# Anyone use Poste restante these days?



## Glandwr (Jun 12, 2006)

The last time I did a lot of travelling was in the early 70’s well before email etc. My nearest and dearest kept in touch by addressing letters to 

My name
Poste Restante
Central Post Office
City
Country

I would furnish them will dates and capital cities. It always got there, I would turnup show my passport and collect my mail.
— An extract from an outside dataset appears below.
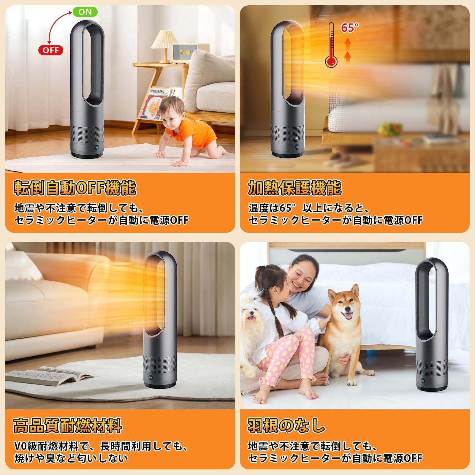 セラミックヒーター タワーファン ファンヒーター スリム扇風機【冷暖両用&羽根なし&DCモーター電気代節約】電気ファンヒーター 3段階暖風・8段階冷風切り替え 100°左右首振り 1-9Hタイマー設定可 転倒自動OFF 過熱保護 リモコン付き 省エネ 軽量 持ち運び便利 部屋 洗面所 脱衣所適用 夏冬兼用 寒さと熱中症対策 PSE認証済み 日本語取扱説明書 (Gray)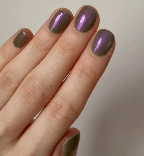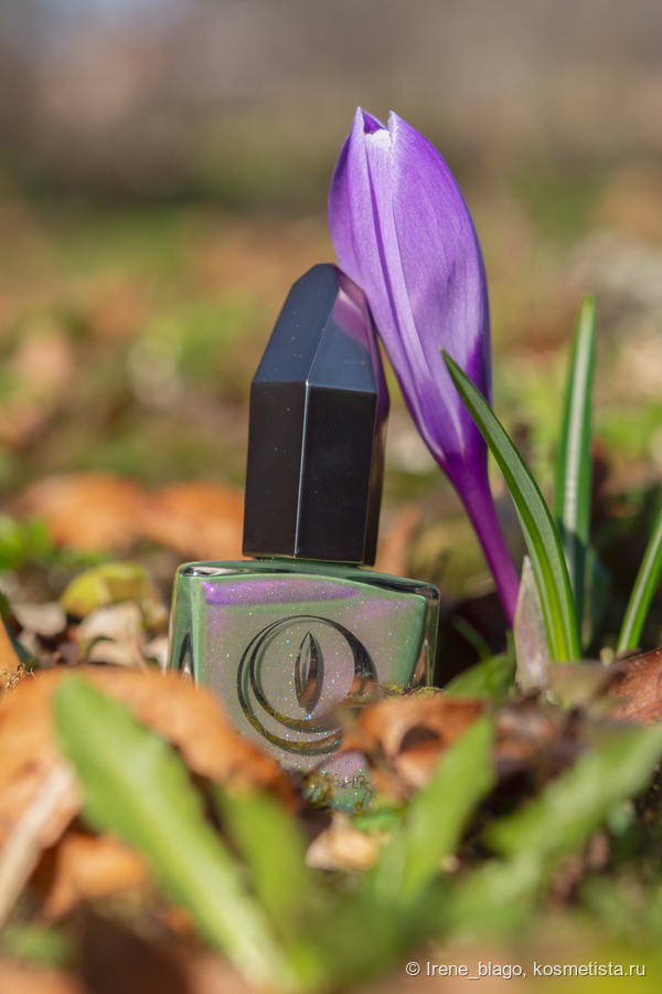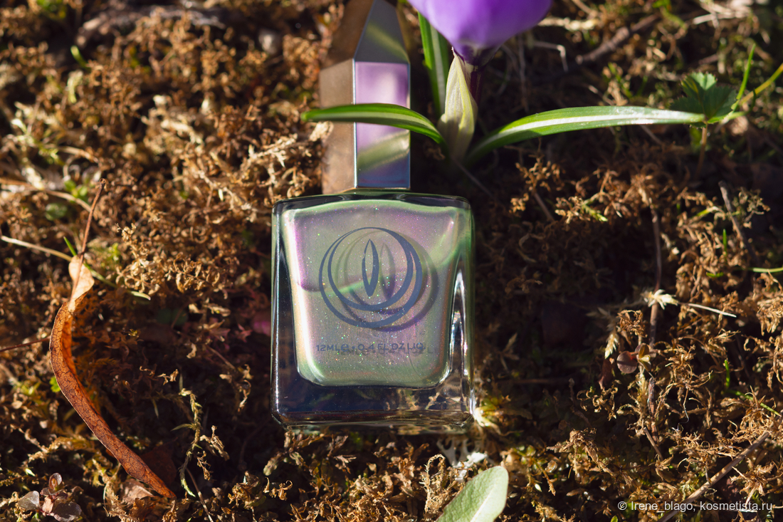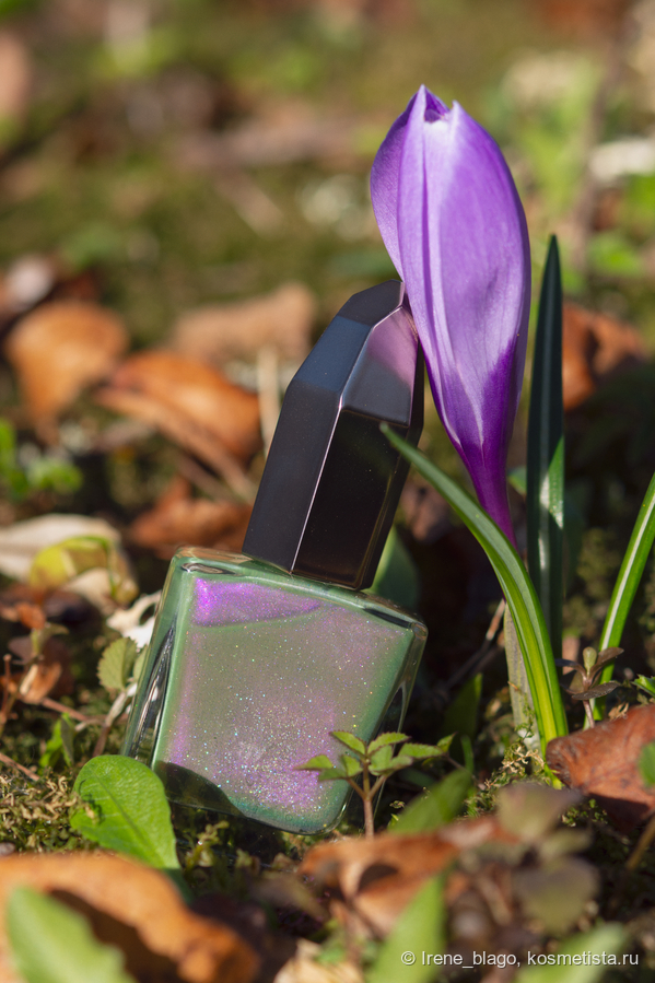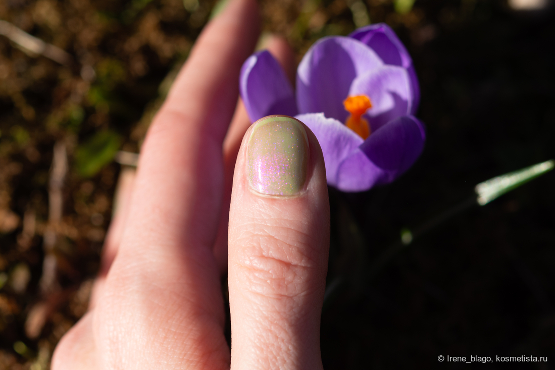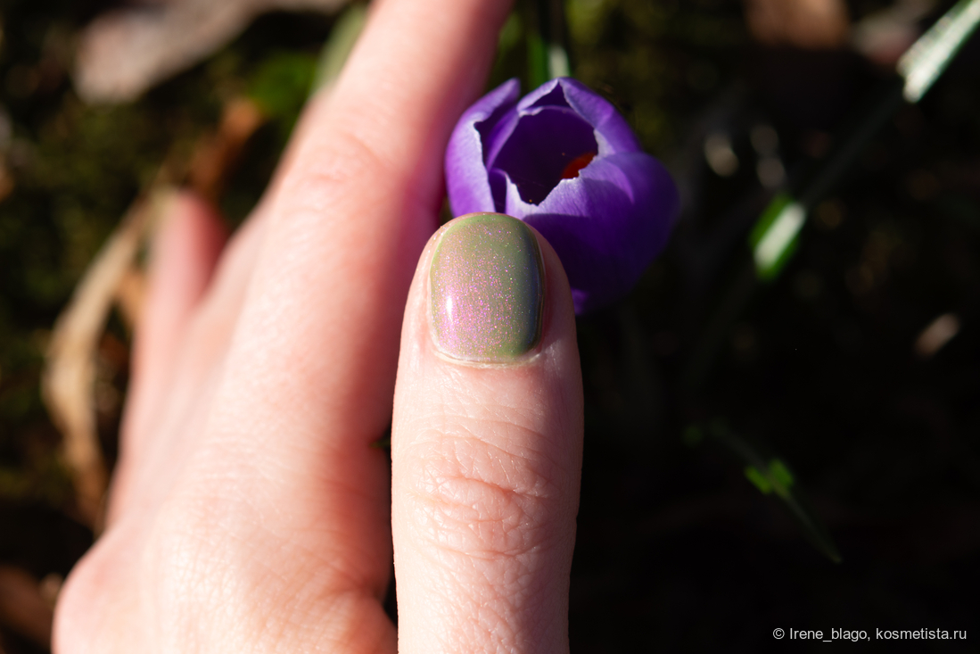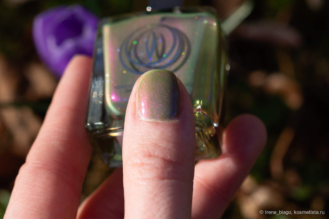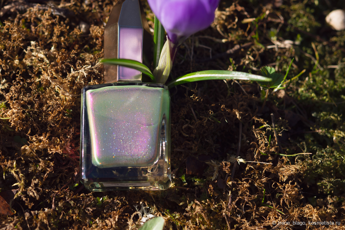 Garden of Evil это оливковый оттенок с холодным фиолетово-люминесцентным, переливающимся шиммером, усыпанный мельчащими голографическими частицами. Шиммер в зависимости от света может проявлять как холодные фиолетовые, так и теплые, закатные переливы.

Does the system still work? I bet there is a charge these days. I need a small package that will not reach me until I leave the UK in 10 days time, and just thought that that might be a solution.

Thanks Dick


----------



## subfiver (Oct 15, 2011)

It certainly does en France, BUT, you need to precisely identify the destination office and it's address. Cost is minimal.


----------



## teemyob (Nov 22, 2005)

*post*

Post Restante


----------



## tonyt (May 25, 2005)

Glandwr said:


> The last time I did a lot of travelling was in the early 70's well before email etc. My nearest and dearest kept in touch by addressing letters to
> 
> My name
> Poste Restante
> ...


Ah, those were the days and how excited we got when they handed over a little bundle of letters, some of them weeks old.


----------



## peejay (May 10, 2005)

hmh (Helen & David), have used it recently in Italy...

http://www.motorhomefacts.com/ftopicp-1175214.html#1175214

Pete


----------